Copy out, unchanged, the entries below from the "典型的3齒齒環(huán)結" line to the final line. Omit pictures.
(GIVEN INFORMATION begins)
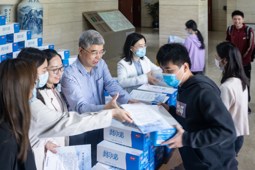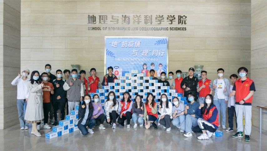 为保障在校学生的生活和防疫需要,鼓励学院师生在疫情期间进一步凝心聚力、共克时艰, 4月22日,地理学院精心部署,开展同心抗疫慰问活动,学院党委书记李满春、党委副书记陈卉和团委书记李岩、辅导员郦天昳于昆山楼一楼大厅向学生发放牛奶等物资。三十余位研究生志愿者集结、搬运和陈列物资,展现出同心协力的精神和力量。
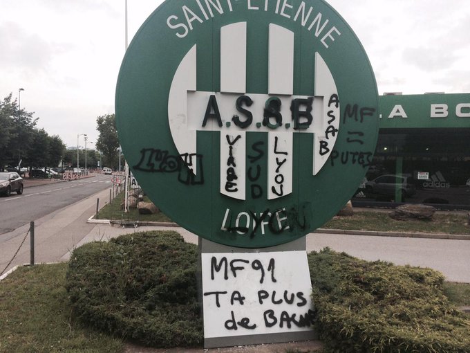 Le logo de la boutique des #Verts tagué dans la nuit #derby #ASSE #ASSEOL francebleu.fr/infos/asse-le-…
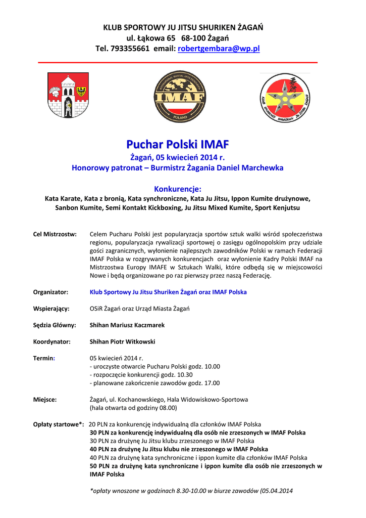 KLUB SPORTOWY JU JITSU SHURIKEN ŻAGAŃ ul. Łąkowa 65 68-100 Żagań Tel. 793355661 email: [email protected] Puchar Polski IMAF Żagań, 05 kwiecień 2014 r. Honorowy patronat – Burmistrz Żagania Daniel Marchewka Konkurencje: Kata Karate, Kata z bronią, Kata synchroniczne, Kata Ju Jitsu, Ippon Kumite drużynowe, Sanbon Kumite, Semi Kontakt Kickboxing, Ju Jitsu Mixed Kumite, Sport Kenjutsu Cel Mistrzostw: Celem Pucharu Polski jest popularyzacja sportów sztuk walki wśród społeczeństwa regionu, popularyzacja rywalizacji sportowej o zasięgu ogólnopolskim przy udziale gości zagranicznych, wyłonienie najlepszych zawodników Polski w ramach Federacji IMAF Polska w rozgrywanych konkurencjach oraz wyłonienie Kadry Polski IMAF na Mistrzostwa Europy IMAFE w Sztukach Walki, które odbędą się w miejscowości Nowe i będą organizowane po raz pierwszy przez naszą Federację. Organizator: Klub Sportowy Ju Jitsu Shuriken Żagań oraz IMAF Polska Wspierający: OSiR Żagań oraz Urząd Miasta Żagań Sędzia Główny: Shihan Mariusz Kaczmarek Koordynator: Shihan Piotr Witkowski Termin: 05 kwiecień 2014 r. - uroczyste otwarcie Pucharu Polski godz. 10.00 - rozpoczęcie konkurencji godz. 10.30 - planowane zakończenie zawodów godz. 17.00 Miejsce: Żagań, ul. Kochanowskiego, Hala Widowiskowo-Sportowa (hala otwarta od godziny 08.00) Opłaty startowe*: 20 PLN za konkurencję indywidualną dla członków IMAF Polska 30 PLN za konkurencję indywidualną dla osób nie zrzeszonych w IMAF Polska 30 PLN za drużynę Ju Jitsu klubu zrzeszonego w IMAF Polska 40 PLN za drużynę Ju Jitsu klubu nie zrzeszonego w IMAF Polska 40 PLN za drużynę kata synchroniczne i ippon kumite dla członków IMAF Polska 50 PLN za drużynę kata synchroniczne i ippon kumite dla osób nie zrzeszonych w IMAF Polska *opłaty wnoszone w godzinach 8.30-10.00 w biurze zawodów (05.04.2014 Nagrody: medale i dyplomy za pierwsze trzy miejsca, dla każdego zwycięzcy konkurencji puchar, nagrody rzeczowe dla najlepszego zawodnika i zawodniczki do lat 16 i powyżej lat 16. Konkurencje: Kata indywidualne: 1. Kata młodzików 10-12 lat 2. Kata kadetów 13-15 lat 3. Kata juniorów 16-18 lat, białe – zielone pasy ( 9kyu – 6kyu ) 4. Kata juniorów 16-18 lat, niebieskie – brązowe pasy ( 5kyu – 1kyu ) 5. Kata seniorów 19+, żółte – niebieskie pasy ( 8kyu – 4kyu ) 6. Kata seniorów 19+, brązowe i czarne pasy ( 3kyu – Dan ) 7. Kata młodziczek 10-12 lat 8. Kata kadetek 13-15 lat 9. Kata juniorek 16-18 lat 10. Kata seniorek 19+ Kata indywidualne z bronią (bez podziału na płeć i stopnie zaawansowania): 11. Kata Kobudo, grupa młodsza do 15 lat 12. Kata Kobudo, grupa starsza 16+ Kata synchroniczne (3 osoby, mogą startować drużyny mieszane): 13. Kata synchroniczne, grupa młodsza do 15 lat 14. Kata synchroniczne, grupa starsza 16+ Kata Ju Jitsu (bez podziału na stopnie zaawansowania): 15. Kata ju jitsu kadetów 13-15 lat 16. Kata ju jitsu juniorów 16-18 lat 17. Kata ju jitsu seniorów 19+ 18. Kata ju jitsu kadetek i juniorek 13-18 lat 19. Kata ju jitsu seniorek 19+ Sanbon kumite: 20. Sanbon Kumite młodzików 10-12 lat 21. Sanbon Kumite kadetów 13-15 lat 22. Sanbon Kumite juniorów 16-18 lat 23. Sanbon Kumite seniorów 19+, żółte-niebieskie pasy ( 8kyu –4kyu ) 24. Sanbon Kumite seniorów 19+, brązowe-czarne pasy ( 3kyu-dan ) 25. Sanbon Kumite młodziczek 10-12 lat 26. Sanbon Kumite kadetek 13-15 lat 27. Sanbon Kumite juniorek 16-18 lat 28. Sanbon Kumite seniorek 19+ Semi Kontakt: 29. Semi Kontakt kadetów 13-15 lat, waga lekka 30. Semi Kontakt kadetów 13-15 lat, waga średnia 31. Semi Kontakt kadetów 13-15 lat, waga ciężka 32. Semi Kontakt juniorów 16-18 lat, waga lekka 33. Semi Kontakt juniorów 16-18 lat, waga średnia 34. Semi Kontakt juniorów 16-18 lat, waga ciężka 35. Semi Kontakt seniorów 19+, waga lekka 36. Semi Kontakt seniorów 19+, waga średnia 37. Semi Kontakt seniorów 19+, waga ciężka 38 Semi Kontakt kadetek 13-15 lat, lżejsze 39. Semi Kontakt kadetek 13-15 lat, cięższe 40. Semi Kontakt juniorek 16-18 lat, lżejsze 41. Semi Kontakt juniorek 16-18 lat, cięższe 42. Semi Kontakt seniorek 19+, lżejsze 43. Semi Kontakt seniorek 19+, cięższe Ju Jitsu Mixed Kumite: 44-48. Ju Jitsu Mixed Kumite kadetów 13-15 lat -45 kg, - 52 kg, -59 kg, - 66 kg, + 66 kg 49-53. Ju Jitsu Mixed Kumite kadetek 13-15 lat -45 kg, - 52 kg, -59 kg, - 66 kg, + 66 kg 54-58. Ju Jitsu Mixed Kumite juniorów 16-18 lat - 55kg, - 62 kg, - 79 kg, -86 kg , +86 kg 59-63. Ju Jitsu Mixed Kumite juniorek 16-18 lat - 50kg, - 55 kg, -60kg, - 65 kg. + 65 kg 64-68. Ju Jitsu Mixed Kumite seniorów 19+ – 65kg, – 77 kg, - 84 kg, - 91 kg, +91 kg 69-73. Ju Jitsu Mixed seniorek 19+ – 55 kg, - 62 kg, - 69 kg , -76 kg, +76 kg Sport Kenjutsu: 74. Sport Kenjutsu 10-12 lat, - 140cm młodziczki i młodzicy razem 75. Sport Kenjutsu 10-12 lat, +140cm młodziczki i młodzicy razem 76. Sport Kenjutsu 13-15 lat, -160cm kadetki i kadeci razem 77. Sport Kenjutsu 13-15 lat, +160cm kadetki i kadeci razem 78. Sport Kenjutsu juniorów 16-18 lat, -170cm 79. Sport Kenjutsu juniorów 16-18 lat, +170cm 80. Sport Kenjutsu seniorów 19+, -180cm 81. Sport Kenjutsu seniorów 19+, +180cm 82. Sport Kenjutsu juniorek 16-18 lat 83. Sport Kenjutsu seniorek 19+ Ippon Kumite: 84. Ippon Kumite Drużynowe seniorów (3 osoby) O przypisaniu do kategorii wiekowej decyduje pełna data urodzenia. Organizator zastrzega sobie możliwość łączenia kategorii wagowych lub wzrostowych we wszystkich konkurencjach, w których wystąpi mniej niż trzech zgłoszonych zawodników. Łączone mogą być kategorie najbardziej zbliżone do siebie. Junior może wystartować w kategorii senior za pisemną zgodą trenera. W kategorii Ju Jitsu Mixed Kumite różnica wagi nie może być większa niż 10 kg, w innych przypadkach dana kategoria wagowa nie zostanie rozegrana! Zgłoszenia: Zgłoszenia należy nadsyłać najpóźniej do dnia 28.03.2014, wyłącznie pocztą elektro
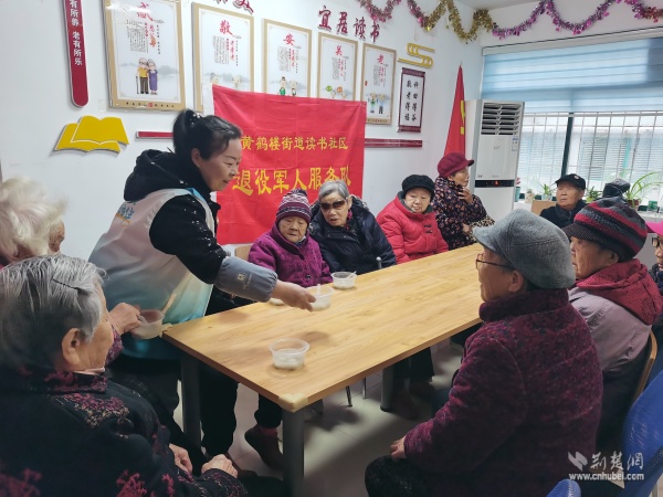 活動當天,讀書社區(qū)養(yǎng)老服務中心內歡聲笑語、暖意融融。來自不同群體的志愿者們分工協(xié)作、配合默契,社區(qū)退役軍人服務隊的隊員揉面、拌餡有條不紊;武漢客運段的志愿者們手法嫻熟,搓圓捏餡一氣呵成;居民志愿者們則在一旁燒水備碗、忙前忙后。大家圍坐在桌前,一邊包著湯圓,一邊拉著家常,在裊裊升起的熱氣中,心與心貼得更近了。
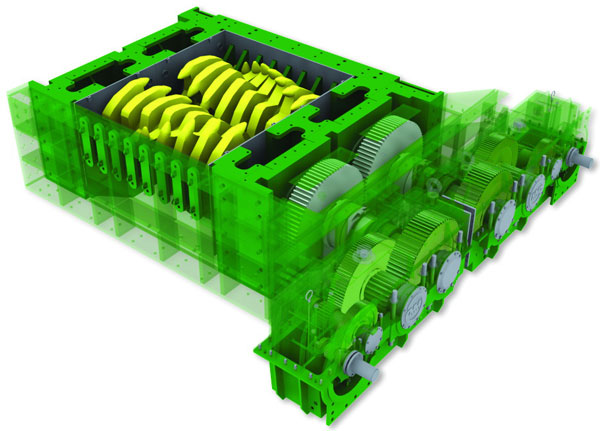 典型的3齒齒環(huán)結(jié)構(gòu)MMD1300系列篩分破碎機(jī)-配備400KW雙電機(jī)驅(qū)動-總重約為95噸。
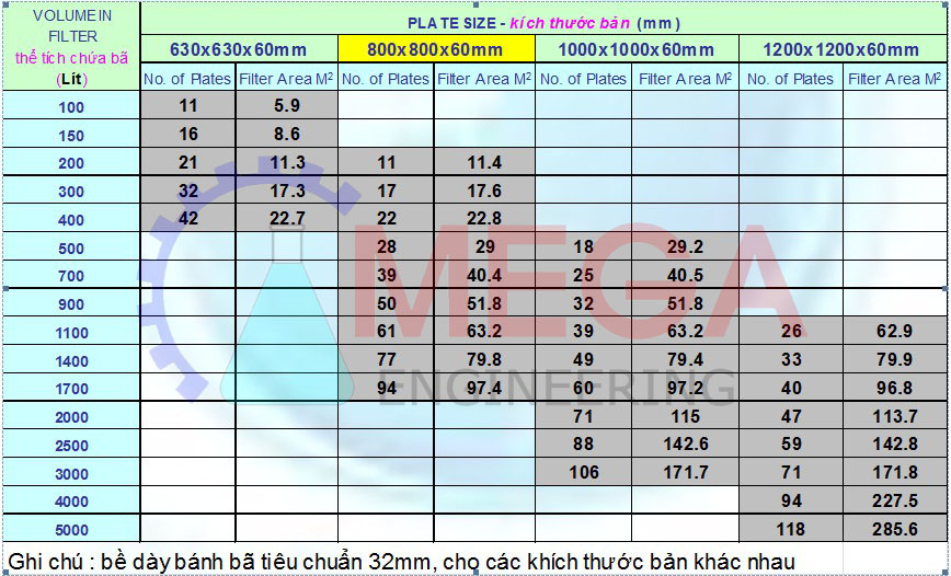 - Bản lọc kích thước chuẩn 630x630x60mm, 800x800x60mm, 1000x1000x60mm, 1200x1200x60mm, vật liệu nhựa số bản 15 tới 120 bản/máy.
(GIVEN INFORMATION ends)
COMPLETED EXERCISE:
 典型的3齒齒環(huán)結(jié)構(gòu)MMD1300系列篩分破碎機(jī)-配備400KW雙電機(jī)驅(qū)動-總重約為95噸。
 - Bản lọc kích thước chuẩn 630x630x60mm, 800x800x60mm, 1000x1000x60mm, 1200x1200x60mm, vật liệu nhựa số bản 15 tới 120 bản/máy.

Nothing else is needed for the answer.